Reliquia
- Blanca Rosa Reynoso
- 26 dic 2020
- 2 Min. de lectura
Tengo 76 años y todavía recuerdo la pobreza y el hambre que padecimos cuando viví con mi abuela y mi tía Santa Fe, en un lugar que mi abuelo había construido, de adobe. Estaba tan bien hecha la casa que parecía de material. Es más, todavía existe, está intacta. Quedaba entre Oliveros y Timbúes, y le decían “La Bajada” porque la barranca tenía forma de pala. Por ahí nos deslizábamos para dar con la playa. También, alrededor teníamos una arrocera, que desembocaba en forma de cascada. Allí nos bañábamos hasta en el invierno porque el agua era caliente. Y vivíamos de la pesca. Pero últimamente no salía nada.

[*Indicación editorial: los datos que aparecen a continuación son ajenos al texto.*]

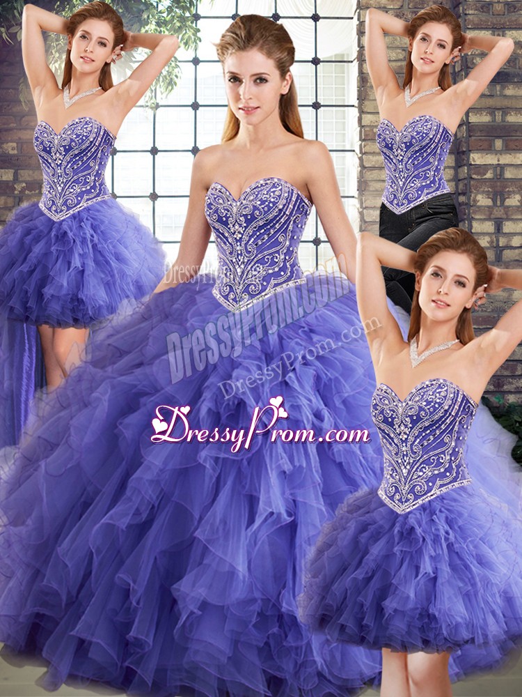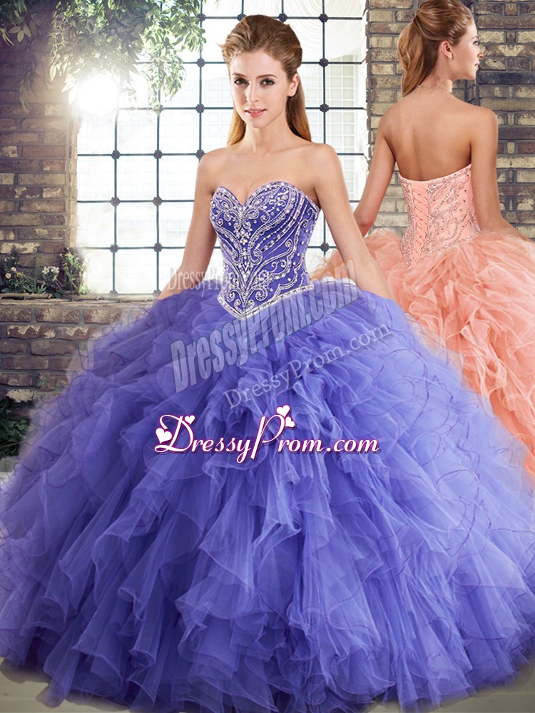Custom Designed Sleeveless Beading and Ruffles Lace Up Quinceanera Dress

Mi tío consiguió trabajo en Rosario, en el ferrocarril, y decidimos mudarnos para permanecer la familia unida. Recuerdo que el día o la semana anterior a mudarnos no teníamos qué comer. Como no había harina, no comíamos pan, ese que la nonna hacía en una mesa en la que siempre quedaba guardado. Ahí, para nuestra sorpresa, encontramos un pedazo que ya estaba verde, enmohecido. Raspamos esa parte y lo comimos con mate cocido.
Cargamos lo poco que teníamos, incluso la mesa de la nonna, y salimos hacia la aventura (así la vivía porque tenía 4 años). El señor que iba manejando era un vecino que nos cobró por alcanzarnos. Yo estaba sentada a su lado, y al hacerlo, la nonna me dio algo envuelto y me dijo: “No lo sueltes, es un recuerdo”. Yo con escasa y en un viaje en movimiento, me quedé dormida.
Llegamos a casa y empezamos a bajar las cosas. Con mayor tranquilidad, la nonna me preguntó por lo que me había dado y yo no lo tenía. Las opciones no eran muchas: no se pudo haber caído porque yo llevaba un vestido. Para mi, al día de hoy, ese señor me lo quitó.
Volviendo a ese momento, cuando escuché lo que comentaba mi familia, casi me desmayo: era una bombilla de oro, recuerdo de mi abuelo fallecido. Nunca lo habían nombrado. En mis adentros, hasta ahora, me cabe la culpa de no haberlo cuidado.